The first line of the brief is directed to “the Honorable, the Members of the Unites States Senate.” There are probably three errors in that first line. No need for the first comma, or “the” before Members. “The Honorable Members” would have been fine. And unless the alternative Trump legal universe is appealing to the senators of an alternative Unites States, that “s” after “Unite” would be error number three.

“Unites” is, if not the correct word, at least a word, meaning an automated spellcheck would not pick it up. But really, did no human cast their eyes over the first line of a pleading to be submitted for the former president of the United States in an impeachment trial? And remarkably, there it is again, on page nine: “The Honorable, the Members of the Unites States Senate.” So the new legal team apparently does know how to cut and paste, but it seems no one even looked at the text when they used that odd locution a second time.

Then there’s the matter of length. The brief is fourteen pages total. It serves as a response to a dense, 80-page legal brief filed by House impeachment managers to outline their case against Trump. If this were a boxing match, it would have been stopped by the top of page two.

Nevertheless, the lawyers for “the 45th President of the United States” persisted.

They put forward the argument made by other, more serious lawyers that you can’t remove an officer of the United States after they are no longer in office. That is the subject of a longer debate, but neither the text nor practice going back to the time of the Founders supports such a position. Otherwise, the most corrupt coup plotter and insurrectionist can see whether his own posse fails, then leave ahead of impeachment proceedings.

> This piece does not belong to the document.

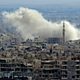 Picture: A general view taken from a government-held area in Damascus shows smoke rising from the rebel-held enclave of Eastern Ghouta. Credit: Stringer/AFP/Getty Images.

Trump’s lawyers not only put forward that position, they repeat it multiple times: the article of impeachment is “void ab initio”, they write, and a “legal nullity”, and “moot”. They get points for the Latin, of course, but they are saying essentially the same thing in three different ways, without ever citing any authority or making any coherent argument.

From there, they move into the sorts of advocacy that would have required a law student to repeat my course. They assert that if the Senate were to convict Trump, that would “constitute a Bill of Attainder” under the Constitution. The citation is correct, but the Bill of Attainder clause has nothing to do with the impeachment process. A Bill of Attainder is a legislative act that provides for punishment without a judicial trial. Before the Constitution, colonial legislatures would pass a law stating, for example, that Mr X committed treason; he should be immediately executed. Like a Marjorie Taylor Greene tweet, but with legal power. The Framers of the Constitution later said you can’t do that.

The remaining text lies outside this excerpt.